## PROBLEM TO SOLVE:
Exactly retype the lines from the top of the data through the line containing "тельных видов искусства, традиционного", leaving out every picture.

## EXTRACTED MATERIAL:
┄┄┄┄┄┄┄┄┄┄┄┄┄┄┄┄┄┄┄┄
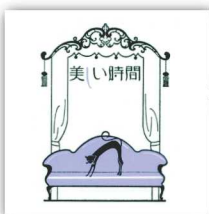
美しい時間 ランチスポット
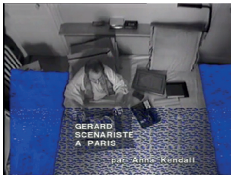
Collection Travailler à domicile
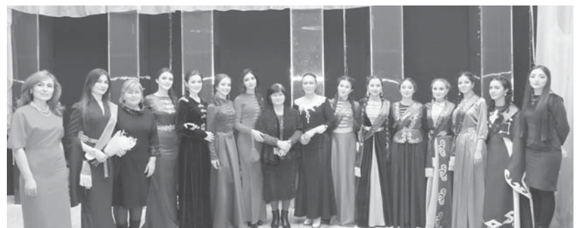
Участницы и члены жюри республиканского конкурса «Адыгэ пщазэ-2014»

тельных видов искусства, традиционного национального костюма – черкески, а также хореографии и песнопения. Учреждает и издаёт печатные и электронные СМИ, вы-
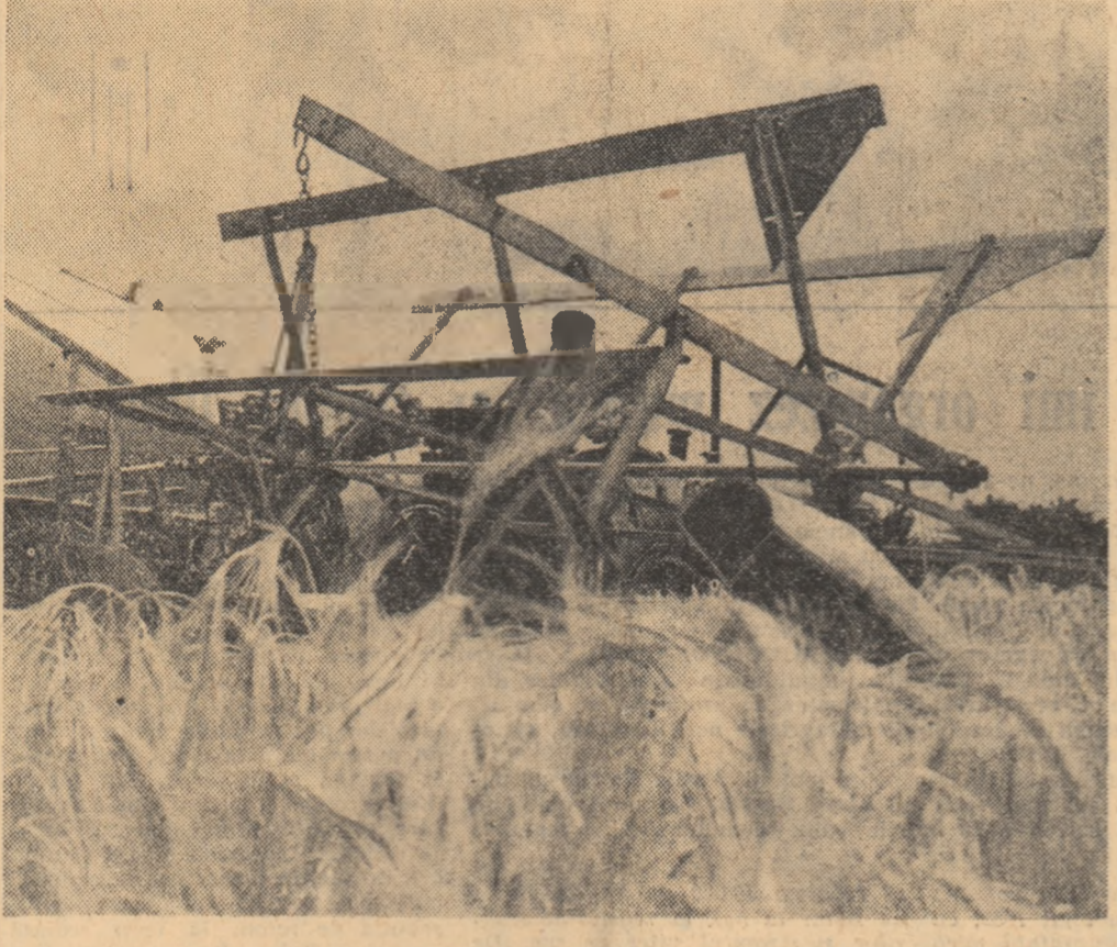
La gospodăria agricolă de stat Oltenița, regiunea București, se recoltează grîul de pe ultimele suprafețe.

cul de plante la ha să fie mai mare decît în condițiile de neirigare, iar solurile folosite să fie din cele mai recunoscutoare la irigații. Gospodăriile care nu au reușit să înșămînțeze un soi corespunzător, să realizeze o densitate optimă și să aplice îngrășăminte suficiente, au obținut — pe terenurile irigate — rezultate mai slabe. Organele de partid și de stat din regiunea noastră au analizat felul în care s-a desfășurat campania de irigații în anul 1961 și au stabilit măsuri concrete pentru a înlătura pe viitor deficiențele care au existat. Astfel, sistemele mari de irigații au fost pregătite mai din timp pentru intrarea în funcțiune, fapt ce a permis ca din 28.900 ha înșămînțate în amenajări, să fie irigate în luna iunie 17.100 ha cu culturi de cîmp. După recoltatul grîului de pe cele 6.300 ha în amenajări și după prima udare pe 5.000 ha de porumb, irigațiile se vor efectua intens pe cele 19.300 ha cultivate cu porumb în incintele îndiguite. Pentru luna iulie, cînd cerințele plantelor pentru apă sînt cele mai mari, s-au mobilizat toate mijloacele pentru continuarea udărilor următoare la porumb și restul culturilor, astfel ca cele 22.700 ha să fie irigate la datele fenologice. Agregatele care au fost folosite la irigații păioase vor fi revizuite, pentru a permite udatul culturilor duble în vederea asigurării furajelor.
┄┄┄┄┄┄┄┄┄┄┄┄┄┄┄┄┄┄┄┄
## SOLUTION TO THIS EXERCISE:
美しい時間 ランチスポット
Collection Travailler à domicile
Участницы и члены жюри республиканского конкурса «Адыгэ пщазэ-2014»

тельных видов искусства, традиционного национального костюма – черкески, а также хореографии и песнопения. Учреждает и издаёт печатные и электронные СМИ, вы-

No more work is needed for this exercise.